Inventors and innovators must face the “valley of death,” where patent problems, testing snags, and funding issues can derail an interesting idea. The late James Rothenberg, a former Caltech trustee, and his wife Ann Rothenberg created the Rothenberg Innovation Initiative (RI2) to provide up to two years of crucial support to help Caltech researchers get their ideas to market. This past year alone, RI2 gave support to a flexible Band-Aid−sized instrument to continuously monitor body core temperature and to lensless, flat silicon chips to improve LiDAR (light detection and ranging) technology in self-driving cars and biomedical instruments.
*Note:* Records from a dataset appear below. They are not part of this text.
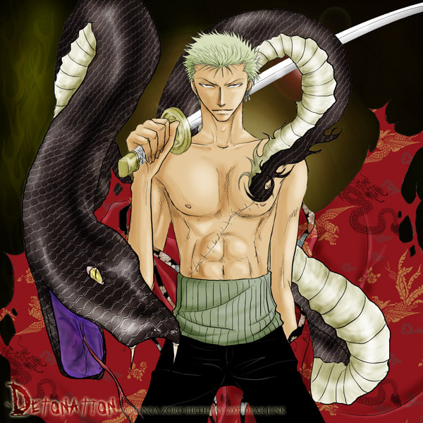 繭子さんちで、太っ腹DLFになっていたので、 勝手にいただいてまいりました!! だってこれは・・・かはっ(吐血) いやもう、素晴らしいの一言に尽きるでしょう。 爬虫類、嫌いじゃないのでなお更ツボ入り。 鋭利なゾロの表情が、何故か影よりも光を感じさせて こちらが魅入られてしまいそうです。 繭子さん、素晴らしいイラストありがとうございました〜v (届かないお礼。なぜなら無断でもらってきたから:笑)
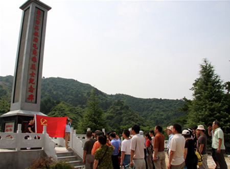 为庆祝中国共产党建党88周年,日前,陕西省微生物研究所党委组织全体党员赴宁陕县江口镇参观瞻仰了张文津、吴祖贻、毛楚雄三烈士纪念碑。在革命烈士纪念碑前,全体党员庄重地举行了“缅怀革命先烈坚定理想信念”活动。
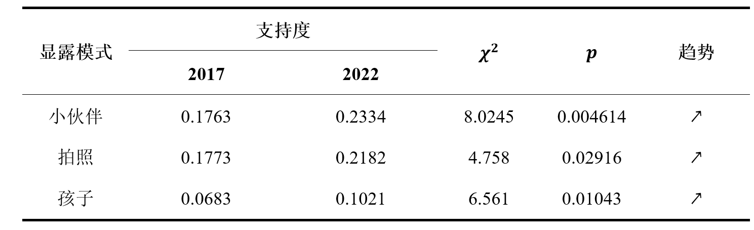 进一步对数据集进行显露模式挖掘,发现2017-2019年段的显露模式集中在社交方面,说明在疫情之前,针对旅游出行的社交需求(情感需求),人们除了欣赏美景,越来越重视陪伴家人和朋友一起出门游玩的过程,同时,记录旅途中美好时光相互分享也可以满足自身的社交需求。

Since the program’s inception, RI2 grants have spurred 176 patents, 18 start-ups, and 40 disclosed inventions.

Bridging the gap between medical innovations and bedside applications is the focus of the Heritage Research Institute for the Advancement of Medicine and Science, established at Caltech in 2015 with a gift from Caltech senior trustee Richard N. Merkin, MD. This new institute created a cohort of researchers, the Heritage Medical Research Institute Investigators, who focus on translational sciences and health technology. Among the recent advances made possible through this cohort are the discovery of a functional link between gut bacteria and Parkinson’s disease as well as other neurological disorders, which may lead to new treatments for conditions ranging from inflammatory bowel disease to Alzheimer’s, and the development of a prototype miniature device that could roam the body to diagnose and treat disease.

Points of Impact

Lasers Into the Brain: Lihong Wang developed a method called photoacoustic computerized tomography (PACT) that uses laser light and ultrasonic sound waves to image tissues and organs. This technology took a leap forward when a multi-university team led by Wang and including Andrew and Peggy Cherng Department of Medical Engineering staff scientist Konstantin Maslov showed that PACT can detect minute changes in the amount of blood traveling to different parts of the brain, thus measuring neural activity without many of the disadvantages of the ubiquitous functional magnetic resonance imaging (fMRI) machines, which are expensive and require patients to fit inside a narrow tube. Wang is Bren Professor of Medical Engineering and Electrical Engineering and member of the Break Through-supported Andrew and Peggy Cherng Department of Medical Engineering, Caltech’s first named and endowed department, which backed this research.

Space-based Solar Power prototype

Space-based Solar Power prototype.

Where the Sun Always Shines: Donald Bren, chairman of Irvine Company and a life member of the Caltech community, and his wife, Caltech trustee Brigitte Bren, donated $100 million to Break Through to support endowed professorships as well as the Space-based Solar Power Project (SSPP). The project aims to build a prototype of an orbiting solar energy system that could collect the sun’s rays all the time, with no worries about the effects of nightfall or cloud cover on the ability to take in energy. After converting solar energy to electricity, it would transfer that clean energy wirelessly back to Earth using radio frequency electrical power. The first test of the prototype is slated for 2023.

Chasing COVID: Pamela Bjorkman, the David Baltimore Professor of Biology and Bioengineering, has studied viruses such as HIV, but when COVID-19 brought the world to a standstill, researchers in her lab raced to apply their expertise to understanding SARS-CoV-2, the virus behind the pandemic. A team in the lab designed a nanoparticle-based immunization technique with the potential to protect against many kinds of coronaviruses. Another team characterized many different antibodies to SARS-CoV-2 and identified those most effective at neutralizing the virus. The Break Through-funded Merkin Institute for Translational Research supported this effort.

I’m grateful to all who have decided Caltech is the place that deserves this very, very generous support, which provides us with a firm foundation to go forward into unknown territories.
— David L. Lee (PhD ’74), chair of the Caltech Board of Trustees.